BM: Yes, there’s nothing that says you can’t compete if you’re not a shareholder. This year, there were a number of them that did [give back their shares and continue to compete in the ERA]. [When we started the ERA], we were trying to create an ownership mentality, which would ultimately help deliver a better product. We felt as we got into it that the contestants being able to have a voice in the competition is really what gave them the ownership mentally, not actually holding stock. That was kind of the sticking point. There’s just as many contestants who gave up their shares early this year who rodeo who were just as all-in as the next guy who was an owner, so that’s not what determined whether somebody was going to get up early and stay late to try to help build this and bring a better product to the fans. It’s just that we have a voice and somebody cares what you’re saying.


It doesn’t make sense though for Lisa (Lockhart)–as an example. You only have those horses once in a lifetime, not to say she couldn’t do it on other horses–she has– but at the same time you never know when another one’s going to come around. So, if she stayed home and went to a small number of these ERA events, that may have fit her schedule, I don’t know, but time’s ticking on those horses and she has to go and try to capitalize. I know Lisa will drive across the country and be all-in for the fans, whether she’s an owner or not.
We’ve been making some changes in our structure so we can be prepared to move this forward in a bigger way without contestants being owners. We set out to create additional opportunities for rodeo contestants to make money and get more exposure, so that hasn’t changed. We’ll continue to do that.

BHN: What can fans and competitors expect in the next couple years from the ERA?
BM: I don’t look for next year to be just a huge jump in the number of events. Some change is sort of slow to implement. The new season’s basically upon us, and we’re going to be careful this year not to paint ourselves in a corner and say we’re going to have a dozen events, or 15 or 20 or whatever that number is, until we know. It’s going to grow at whatever rate the market will bear. We’re revising our management and our board. I think those are just a few of the things we could have done better the first time around, but we’re not missing it the second time.
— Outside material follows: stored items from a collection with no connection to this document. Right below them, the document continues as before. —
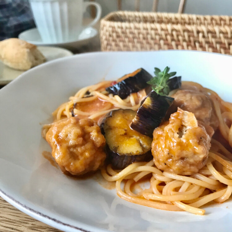 「なずな食堂」 本日の生パスタ "なすとミートボールのトマトソース" 使用しているのは淡路麺業の生パスタ 手作りミートボールが大きくてふわふわ♪あっさり味のトマトソースと良く合います サラダとパン付き パンもモチモチふわふわ🎶 #なずな食堂 #小野市 #ランチ #生パスタ #食堂 #カフェ
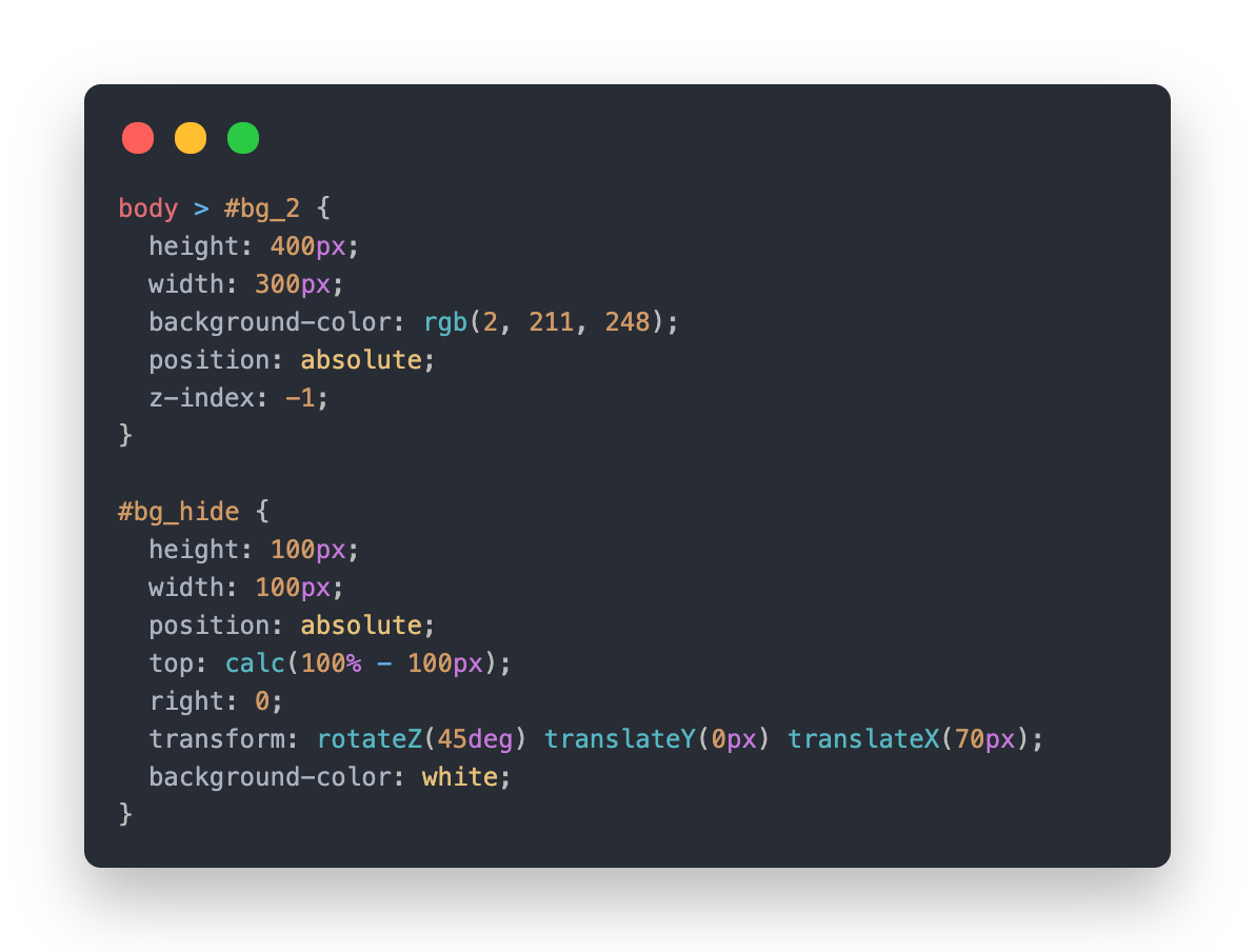 예를 들어 한쪽 귀퉁이가 접힌 사각형을 그려야 한다고 하면, 큰 사각형(하늘색)을 그린 후 흰색의 작은 사각형을 회전시켜 위에 포개는 방식으로 구현할 수 있습니다.
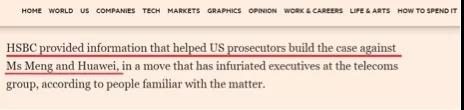 這些路透社報(bào)道的事件經(jīng)過(guò),在英國(guó)《金融時(shí)報(bào)》前兩天的最新報(bào)道中被再次提及。而且《金融時(shí)報(bào)》也在報(bào)道中寫(xiě)到了“匯豐給美國(guó)司法部起訴華為提供了信息和幫助”這樣的內(nèi)容。
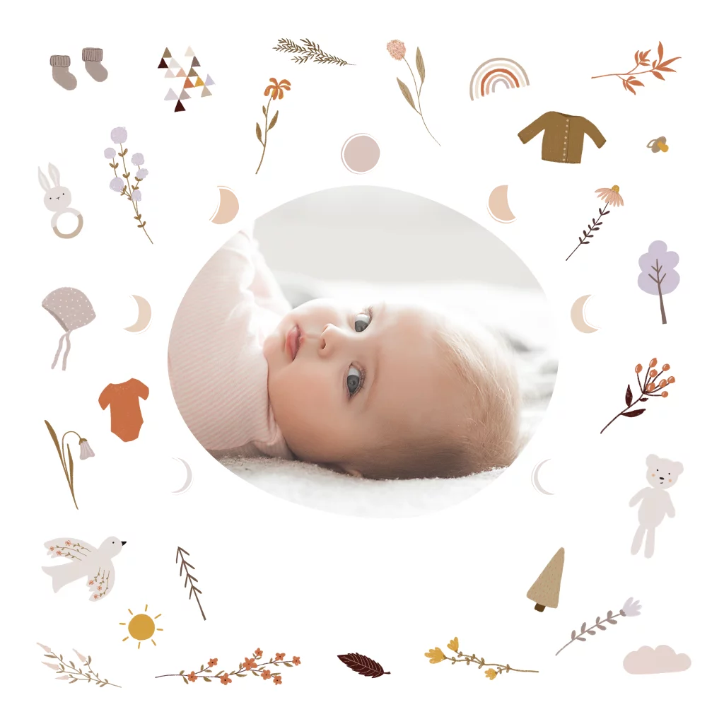Faire-part de naissance avec vêtements de bébé et fleurs
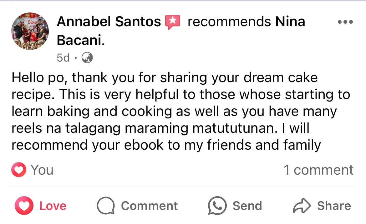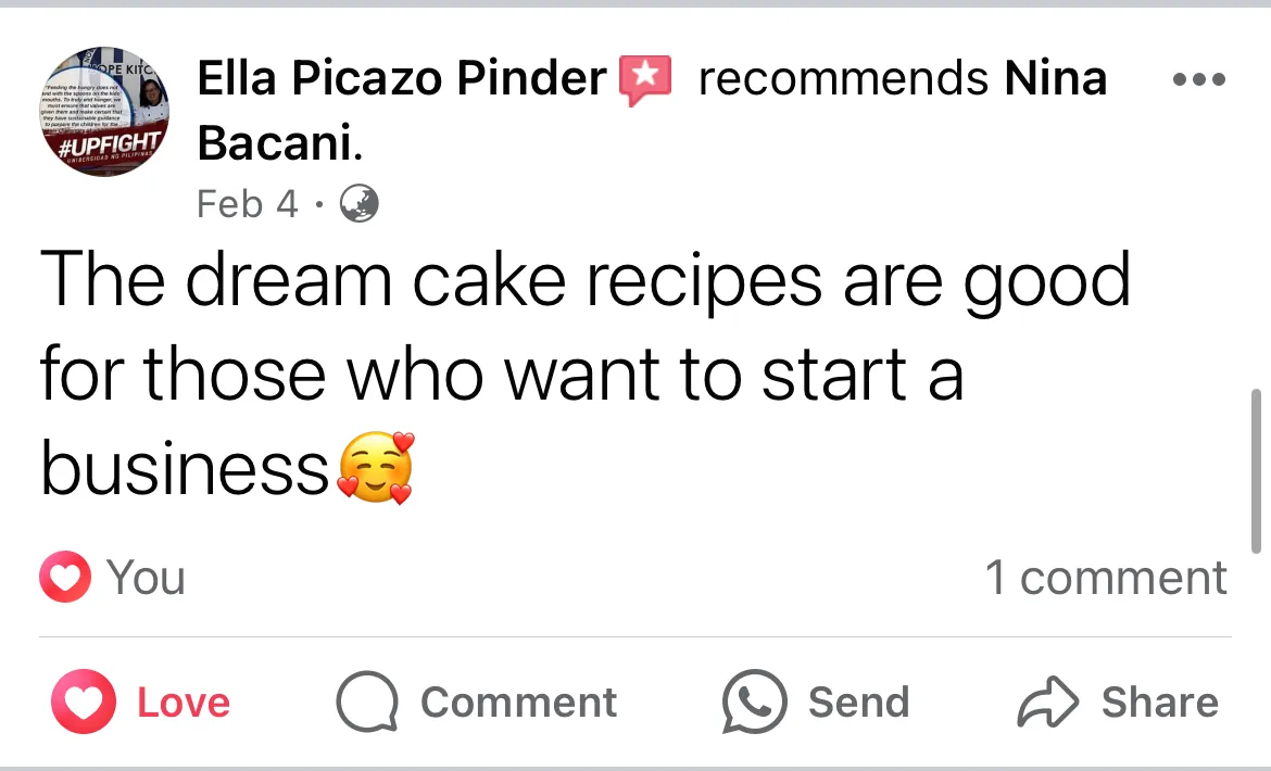 You can use these dream cake recipes to sell online, offer for events, or launch your own tin can cake business. No license required — basta wag lang i-rebrand or resell the eBook itself.

BHN: What can barrel racers expect from the ERA in the future?
BM: Having more qualifiers is something you can look forward to in the future. Having more qualifiers for each individual stop is one of the directions it’s going, and that would be one of the big things.
For barrel racers in particular, we went to great expense to get the dirt at the ERA World Championships hauled in from the far side of Fort Worth, Texas, and prepared so it was good for everybody. Those are the kinds of things the fan doesn’t really know, but when the contestant has a voice, that stuff doesn’t get swept under the rug. It’s taken seriously. Not to say we’ve had perfect ground all year, but where we haven’t, we’ve done everything we could to make it good, or made every effort to fix it and make it right. We all understand how important those horses are and how hard it is to keep them sound, so we want to give every contestant every opportunity to succeed so it’s not luck of the draw that takes them out of it.

BHN: It’s been rumored the ERA and RFD-TV’s The American Rodeo are going to partner. Is that true? And, if so, what can you tell me about the merger?
BM: Well, I don’t know if partner is the right word, other than we held qualifiers in every event with the exception of the barrel racing, and they were dual qualifiers for The American and for the ERA. We want to work with everybody, so if there’s a way we can group competition into one, I think it’s a good opportunity, because travel is our biggest expense. If you can combine your opportunities in one qualifier, why wouldn’t you? Versus hauling to the other side of the country just to do it again, so that’s some of what we’re working on.